- TASK ITEM
Print nothing but the lines below starting at the line that holds "Timeless yet modern, blazer" and ending at the line that holds "ووجهت الأستاذة نهى", including both, each exactly as written.

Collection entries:
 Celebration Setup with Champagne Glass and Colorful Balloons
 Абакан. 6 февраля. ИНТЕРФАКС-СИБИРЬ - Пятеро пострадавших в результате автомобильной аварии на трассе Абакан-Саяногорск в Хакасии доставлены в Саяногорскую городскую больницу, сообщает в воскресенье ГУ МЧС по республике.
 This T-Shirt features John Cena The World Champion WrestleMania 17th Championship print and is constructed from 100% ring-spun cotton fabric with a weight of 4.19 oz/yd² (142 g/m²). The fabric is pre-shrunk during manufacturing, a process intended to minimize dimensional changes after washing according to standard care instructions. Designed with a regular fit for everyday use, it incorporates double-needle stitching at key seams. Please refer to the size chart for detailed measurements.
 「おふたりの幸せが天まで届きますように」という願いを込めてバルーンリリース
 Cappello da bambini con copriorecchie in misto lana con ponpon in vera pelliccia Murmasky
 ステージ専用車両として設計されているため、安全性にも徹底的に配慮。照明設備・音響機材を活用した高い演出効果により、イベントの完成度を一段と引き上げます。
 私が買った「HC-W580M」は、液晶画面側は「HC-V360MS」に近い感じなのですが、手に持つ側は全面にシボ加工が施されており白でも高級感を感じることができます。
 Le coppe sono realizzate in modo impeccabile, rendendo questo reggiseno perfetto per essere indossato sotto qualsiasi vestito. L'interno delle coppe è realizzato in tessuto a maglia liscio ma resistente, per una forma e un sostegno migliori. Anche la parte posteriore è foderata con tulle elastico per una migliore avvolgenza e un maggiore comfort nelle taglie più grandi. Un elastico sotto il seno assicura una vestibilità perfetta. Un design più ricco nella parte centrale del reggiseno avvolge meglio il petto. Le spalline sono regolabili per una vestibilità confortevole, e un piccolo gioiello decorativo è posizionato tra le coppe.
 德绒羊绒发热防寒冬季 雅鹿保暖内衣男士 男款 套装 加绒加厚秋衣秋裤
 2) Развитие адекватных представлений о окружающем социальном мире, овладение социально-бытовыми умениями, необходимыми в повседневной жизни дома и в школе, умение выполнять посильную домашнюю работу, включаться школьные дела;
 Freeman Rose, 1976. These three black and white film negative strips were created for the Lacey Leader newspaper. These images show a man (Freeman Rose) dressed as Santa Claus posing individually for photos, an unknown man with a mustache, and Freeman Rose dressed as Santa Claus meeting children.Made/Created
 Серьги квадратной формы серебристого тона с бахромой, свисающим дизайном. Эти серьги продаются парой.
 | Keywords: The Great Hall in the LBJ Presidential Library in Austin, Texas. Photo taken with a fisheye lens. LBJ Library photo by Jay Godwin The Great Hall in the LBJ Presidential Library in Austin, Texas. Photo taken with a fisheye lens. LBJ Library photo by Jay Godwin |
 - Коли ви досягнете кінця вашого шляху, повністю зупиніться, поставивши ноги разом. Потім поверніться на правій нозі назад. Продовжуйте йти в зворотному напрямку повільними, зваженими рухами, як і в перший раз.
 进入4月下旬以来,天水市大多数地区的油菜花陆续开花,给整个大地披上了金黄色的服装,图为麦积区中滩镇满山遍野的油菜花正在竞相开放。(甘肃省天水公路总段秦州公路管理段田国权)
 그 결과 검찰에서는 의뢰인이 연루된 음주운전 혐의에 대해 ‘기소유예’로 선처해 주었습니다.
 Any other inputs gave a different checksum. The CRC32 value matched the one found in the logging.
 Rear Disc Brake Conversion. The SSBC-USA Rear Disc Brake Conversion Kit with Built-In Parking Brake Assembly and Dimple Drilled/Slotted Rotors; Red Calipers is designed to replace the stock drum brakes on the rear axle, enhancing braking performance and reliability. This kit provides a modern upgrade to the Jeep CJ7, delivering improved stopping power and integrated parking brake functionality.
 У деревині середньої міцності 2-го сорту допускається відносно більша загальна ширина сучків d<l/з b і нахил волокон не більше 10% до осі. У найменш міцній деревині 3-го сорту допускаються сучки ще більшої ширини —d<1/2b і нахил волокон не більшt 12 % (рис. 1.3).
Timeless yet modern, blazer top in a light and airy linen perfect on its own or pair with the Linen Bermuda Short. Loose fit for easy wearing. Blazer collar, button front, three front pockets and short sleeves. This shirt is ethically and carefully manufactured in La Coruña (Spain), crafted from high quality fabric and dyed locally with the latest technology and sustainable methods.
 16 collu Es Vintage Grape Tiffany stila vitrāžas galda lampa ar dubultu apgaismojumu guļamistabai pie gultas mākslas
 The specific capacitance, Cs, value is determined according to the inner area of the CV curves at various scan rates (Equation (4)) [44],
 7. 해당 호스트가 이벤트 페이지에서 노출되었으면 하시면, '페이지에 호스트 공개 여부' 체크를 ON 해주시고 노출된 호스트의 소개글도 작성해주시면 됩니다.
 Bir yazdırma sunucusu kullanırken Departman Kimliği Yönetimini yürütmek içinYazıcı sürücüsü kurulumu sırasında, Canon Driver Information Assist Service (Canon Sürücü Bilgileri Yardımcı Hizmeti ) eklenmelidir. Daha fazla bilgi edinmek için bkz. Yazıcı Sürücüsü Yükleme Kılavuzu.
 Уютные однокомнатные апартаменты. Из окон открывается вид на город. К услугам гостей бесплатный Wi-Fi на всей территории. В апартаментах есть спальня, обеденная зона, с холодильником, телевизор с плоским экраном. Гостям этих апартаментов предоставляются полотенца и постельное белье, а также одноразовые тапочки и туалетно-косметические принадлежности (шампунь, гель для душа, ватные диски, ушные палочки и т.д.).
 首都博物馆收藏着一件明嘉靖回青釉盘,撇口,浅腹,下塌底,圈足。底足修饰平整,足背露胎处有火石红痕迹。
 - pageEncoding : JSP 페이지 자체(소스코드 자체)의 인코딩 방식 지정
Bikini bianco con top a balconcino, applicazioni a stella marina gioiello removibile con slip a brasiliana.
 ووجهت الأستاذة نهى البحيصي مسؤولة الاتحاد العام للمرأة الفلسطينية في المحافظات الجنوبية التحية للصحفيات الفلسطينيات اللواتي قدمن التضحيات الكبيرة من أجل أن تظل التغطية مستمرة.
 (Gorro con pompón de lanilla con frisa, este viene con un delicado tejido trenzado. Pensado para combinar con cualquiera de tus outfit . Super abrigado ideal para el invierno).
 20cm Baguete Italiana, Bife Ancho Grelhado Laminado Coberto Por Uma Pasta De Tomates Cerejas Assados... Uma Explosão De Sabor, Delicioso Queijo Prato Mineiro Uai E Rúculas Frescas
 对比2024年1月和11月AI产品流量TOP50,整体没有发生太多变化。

- ANSWER SECTION
Timeless yet modern, blazer top in a light and airy linen perfect on its own or pair with the Linen Bermuda Short. Loose fit for easy wearing. Blazer collar, button front, three front pockets and short sleeves. This shirt is ethically and carefully manufactured in La Coruña (Spain), crafted from high quality fabric and dyed locally with the latest technology and sustainable methods.
 16 collu Es Vintage Grape Tiffany stila vitrāžas galda lampa ar dubultu apgaismojumu guļamistabai pie gultas mākslas
 The specific capacitance, Cs, value is determined according to the inner area of the CV curves at various scan rates (Equation (4)) [44],
 7. 해당 호스트가 이벤트 페이지에서 노출되었으면 하시면, '페이지에 호스트 공개 여부' 체크를 ON 해주시고 노출된 호스트의 소개글도 작성해주시면 됩니다.
 Bir yazdırma sunucusu kullanırken Departman Kimliği Yönetimini yürütmek içinYazıcı sürücüsü kurulumu sırasında, Canon Driver Information Assist Service (Canon Sürücü Bilgileri Yardımcı Hizmeti ) eklenmelidir. Daha fazla bilgi edinmek için bkz. Yazıcı Sürücüsü Yükleme Kılavuzu.
 Уютные однокомнатные апартаменты. Из окон открывается вид на город. К услугам гостей бесплатный Wi-Fi на всей территории. В апартаментах есть спальня, обеденная зона, с холодильником, телевизор с плоским экраном. Гостям этих апартаментов предоставляются полотенца и постельное белье, а также одноразовые тапочки и туалетно-косметические принадлежности (шампунь, гель для душа, ватные диски, ушные палочки и т.д.).
 首都博物馆收藏着一件明嘉靖回青釉盘,撇口,浅腹,下塌底,圈足。底足修饰平整,足背露胎处有火石红痕迹。
 - pageEncoding : JSP 페이지 자체(소스코드 자체)의 인코딩 방식 지정
Bikini bianco con top a balconcino, applicazioni a stella marina gioiello removibile con slip a brasiliana.
 ووجهت الأستاذة نهى البحيصي مسؤولة الاتحاد العام للمرأة الفلسطينية في المحافظات الجنوبية التحية للصحفيات الفلسطينيات اللواتي قدمن التضحيات الكبيرة من أجل أن تظل التغطية مستمرة.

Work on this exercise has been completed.